The first thing you notice is the pleasant Mexican music being played in the background. I swear, if I have to eat at another restaurant that insists on blasting out that damn “today’s new country hits” radio in the background, I’m gonna flip my lid! Folks, you’re not doing us a service by playing those crappy little cookie cutter tunes they crank out of Nashville every thirty seconds, so do us all a favor and put in some mellower stuff. Or better still, play some authentic music from your home country. (Italian, Chinese, Afghani, Mexican, whatever!)

Upon being seated, the waiter brings you a big bowl of freshly made, still warm tortilla chips and a mini carafe or two of some delicious home made salsa. This isn’t that chunky style stuff you buy in stores either. It’s finely chopped, so you don’t have those large chunks of tomato and onion and pepper to contend with. But don’t worry, it’s all tossed in there, along with a generous helping of cilantro to give it that delicious flavor.
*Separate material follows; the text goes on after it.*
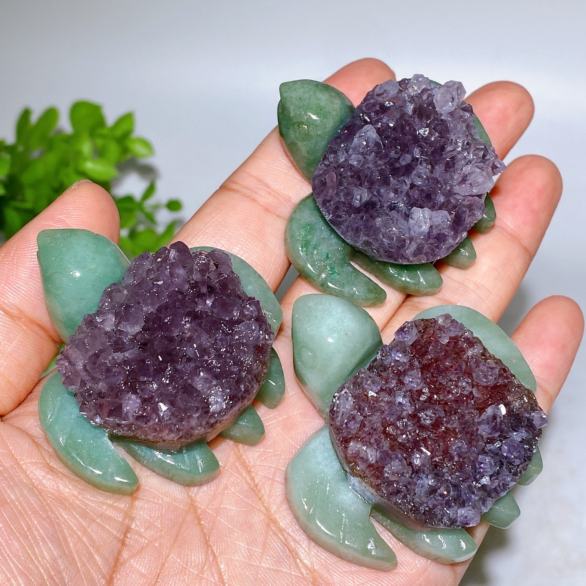 2.0" Amethyst Cluster Green Aventurine Turtle Carving Crystal Healing Bulk Wholesale

At Jalisco, the menus are so large, one can easily become overwhelmed. They feature many different lunch and dinner combinations, along with some specialty dishes that are slightly off the beaten path, such as the ***pork Jalisco with sun dried tomatoes. If you stick with the basics, you will not be disappointed. For instance, the beef burrito, in and of itself is enough for a nice light lunch. Order it with beans, rice, guacamole, cheese, salsa and sour cream and you’ve got yourself a meal. Or take advantage of one of their many combinations. Two enchaladas, one taco and one burrito. Yeah..now that's the ticket!